GSA Annual Meeting in Indianapolis, Indiana, USA - 2018

Paper No. 172-11
Presentation Time: 9:00 AM-6:30 PM

DEVELOPING A METHOD FOR THE EXTRACTION OF 26AL FROM CARBONATE SEDIMENTS TO DETERMINE BACKGROUND EROSION RATES OF DRAINAGE BASINS


CAMPBELL, Mary K., Department of Geology, The University of Vermont, 180 Colchester Ave., Burlington, VT 05405, BIERMAN, Paul, Geology Department and Rubenstein School of the Environment and Natural Resources, University of Vermont, Burlington, VT 05405 and CORBETT, Lee B., Department of Geology, University of Vermont, Delehanty Hall, 180 Colchester Ave, Burlington, VT 05405

Measurements of cosmogenic nuclides in detrital sediments can be used to determine the spatially-averaged, background erosion rate of a drainage basin; so far, this application has largely been limited to the measurement of 26Al and 10Be in quartz-bearing lithologies. Measurement of 36Cl in calcite has been used infrequently to determine erosion rates in carbonate terrains; however, the three production pathways of 36Cl in calcite create additional complexity and uncertainty in these calculations. The ability to extend cosmogenic nuclide techniques to a greater variety of minerals and the ability to pair nuclides with different half-lives would greatly expand the utility of these isotopes.

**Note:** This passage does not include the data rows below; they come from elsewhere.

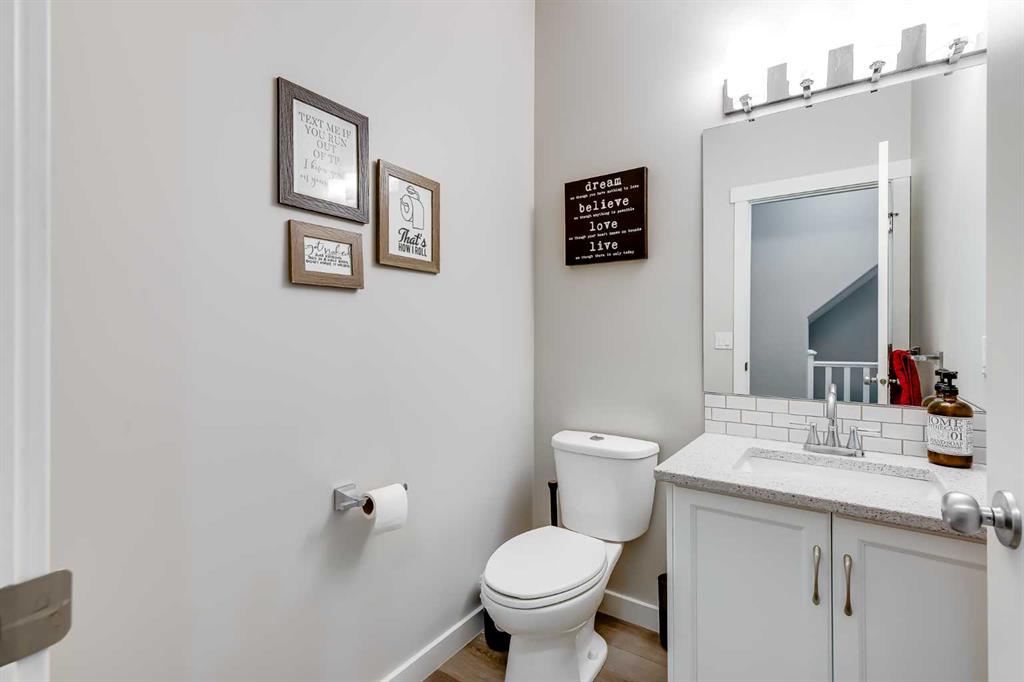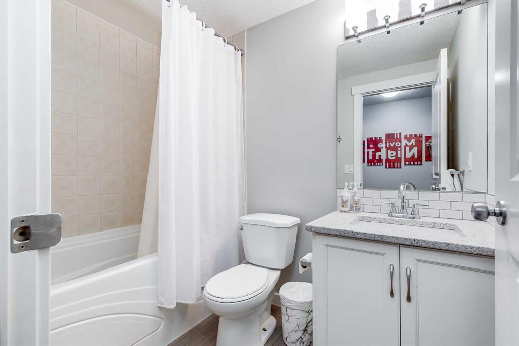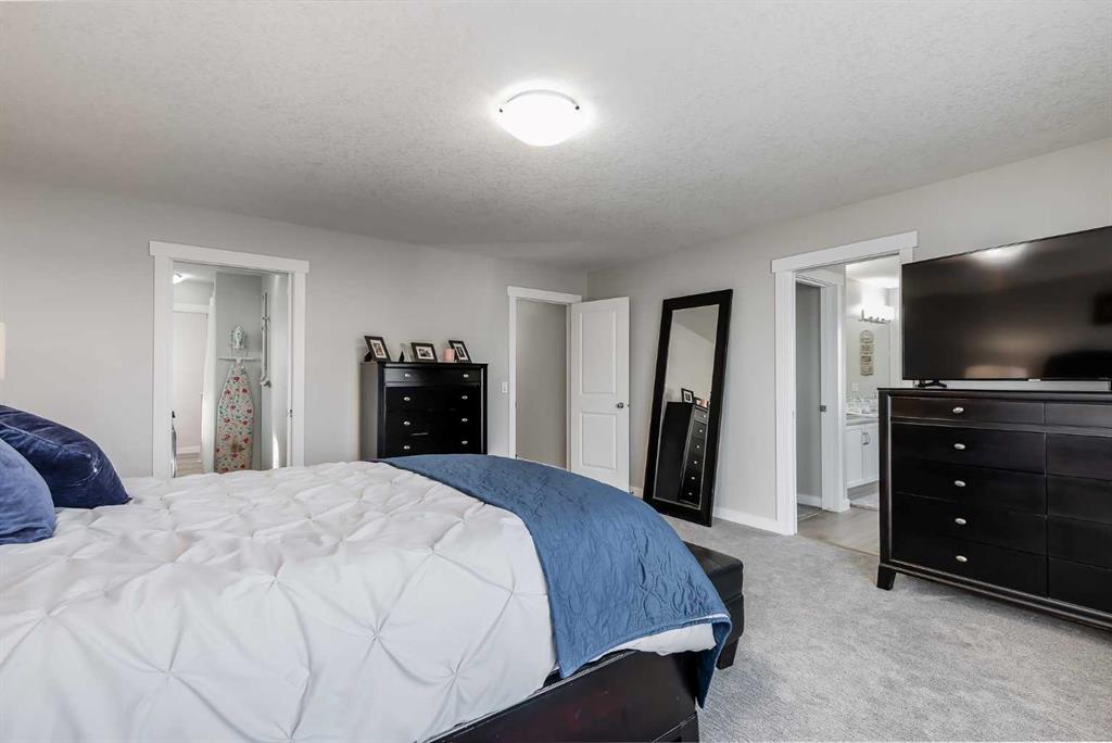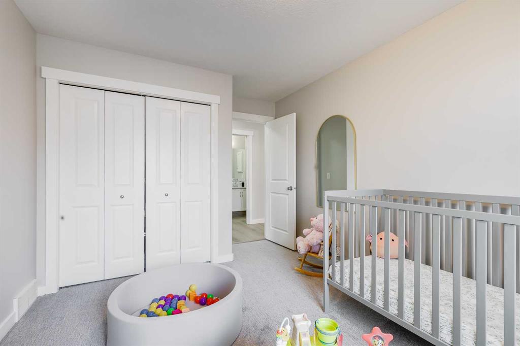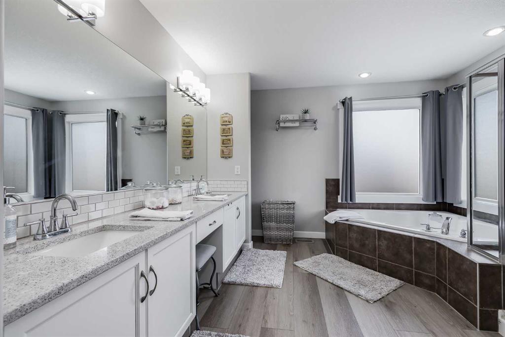 Upstairs are four spacious bedrooms, including an oversized primary retreat. The spa-inspired ensuite features quartz countertops, dual undermount sinks in a 9-foot vanity, a corner soaker tub with frosted windows, and a 6-foot glass-enclosed shower with dual shower heads and four body sprays. A large walk-in closet completes the space. The additional bedrooms are generously sized, including one with its own walk-in closet, and the main bathroom offers a double vanity, ideal for busy mornings.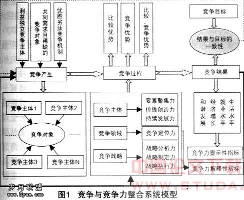 竞争成立的六个要件也都分别整合在图1中了:利益独立的竞争主体、共同需求且稀缺的竞争对象、优胜劣汰的竞争机制决定竞争行为的产生;竞争主体的要素聚集力、价值创造力和可持续发展力决定竞争过程中比较优势和竞争优势的塑造和维持;竞争定位力决定竞争领域,从而决定竞争环境和竞争能力的发挥;竞争战略的分析、制定和执行又会影响各种竞争能力向竞争优势的转化效率;竞争结果与竞争目标的一致性从主客观两个方面影响下一轮竞争行为的产生。这样,竞争与竞争力就实现了系统整合,奠定了整体审视竞争力的理论框架。
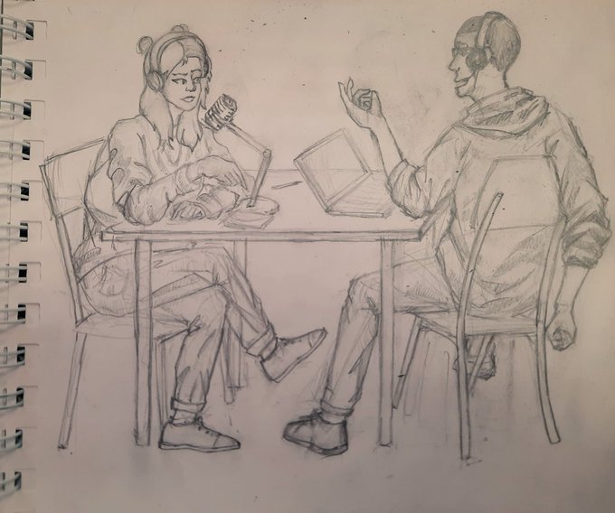 Кривой скетч с rocket duo Но я не нашла никого кто бы рисовал их как подкастеров, так что пусть будут. Ссылку на фанфик я в следующем твите скину когда найду #rocketduo #nihachufanart #jackmanifoldfanart

Recent research (Merchel et al. 2010) has demonstrated the potential for extracting 26Al from well-crystalized calcite, offering an alternative to 36Cl as an erosion rate monitor in carbonate lithologies. Our research aims to refine a method for isolating 26Al from calcite for use with detrital sediments, which would allow the determination of spatially-averaged, basin-wide erosion rates in carbonate terrains using 26Al.

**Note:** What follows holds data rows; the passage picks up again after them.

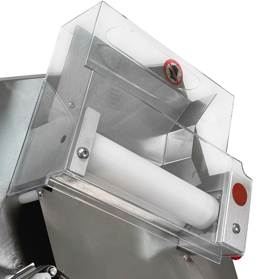 - عرض خمیر قابل تنظیم می باشد که شما می توانید با کمک اهرم کنار دستگاه خمیر پهن کن عرض خمیر را از ۱۰ سانت تا ۳۰ سانت تنظیم نمایید.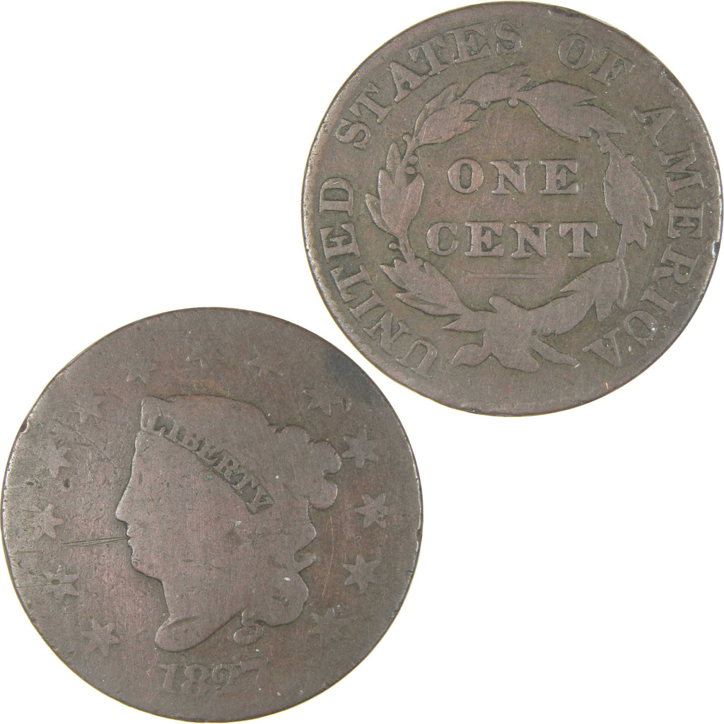 Struck over 180 years ago, this copper Coronet Head large cent - also called the Matron Head large cent - is 50% larger than today's cents. It depicts a more serious Liberty, with a diadem inscribed LIBERTY and long hair in a bun held by plain cords. The reverse shows ONE CENT surrounded by a laurel wreath and UNITED STATES OF AMERICA.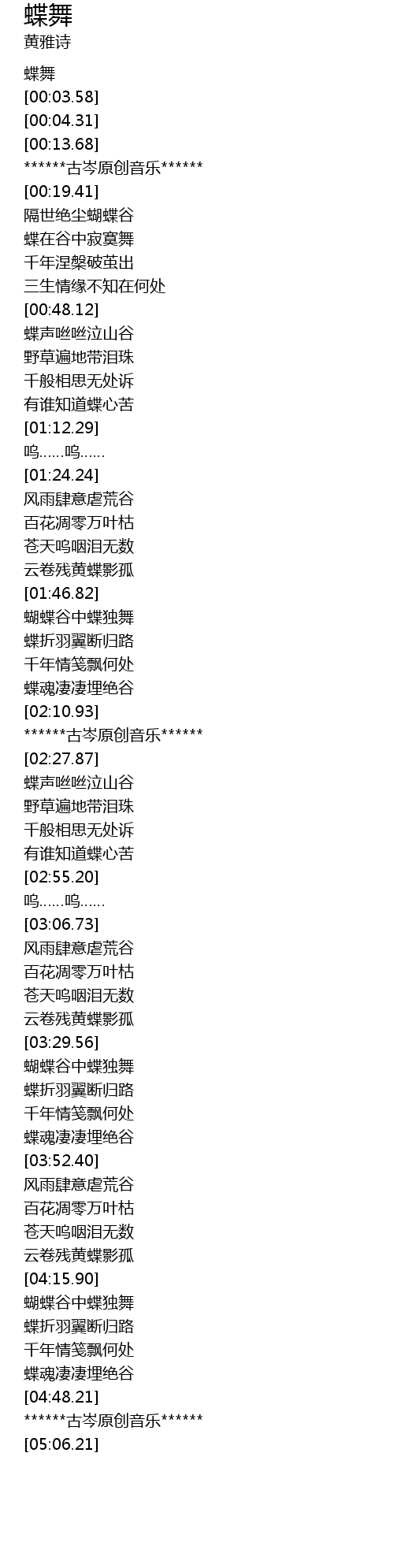 | [04:16.79] | 蝴蝶谷中蝶独舞 |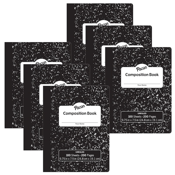Black marble, hard cover composition book with 100 sheets to meet your needs. Sheets are unruled giving you all the space you need to draw and annotate. Great for drawing, note taking and journaling. Recyclable. Measures 9-3/4'' x 7-1/2''. Sold as a pack of 6 composition books.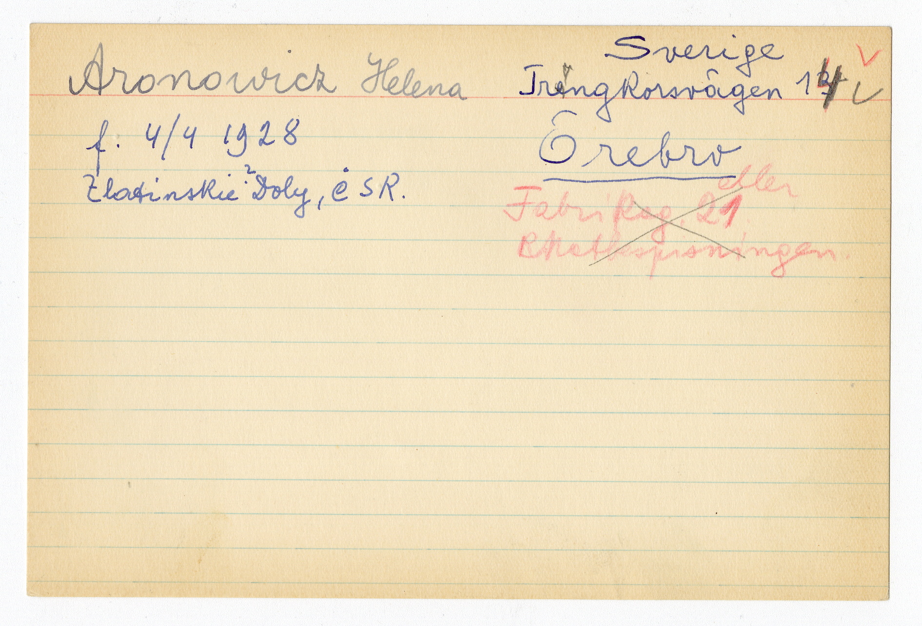 Registerkort Helena Aronowicz och Oskar Scheuer

The primary challenge associated with extracting 26Al from detrital sediments is clay mineral content. Clay minerals contain abundant stable 27Al, which can lower the 26Al/27Al ratio below the detection limit. Our initial results show that acetic acid is the most effective reagent for preferentially dissolving calcite without affecting clay crystallinity, thus limiting the amount of 27Al that is released into solution. In dissolution tests of carbonate sediment samples from Oman, measured concentrations of Al in replicate samples dissolved with hydrochloric acid and nitric acid were 30X to 100X higher than the samples dissolved in acetic acid; the concentrations of Al in the samples dissolved in hydrochloric and nitric acids were between 14-72 ppm and 19-83 ppm respectively, while the samples dissolved in acetic acid measured only 0.4-1 ppm Al. We have successfully isolated ~7-11% of the total Al in solution in our initial attempts, but thus far have been unable to isolate a majority of the Al in solution, likely due to high levels of Ca prohibiting the trace amounts of Al from precipitating. We are refining this method and plan to apply the 26Al in carbonate sediments technique to measuring erosion rates in Cuba.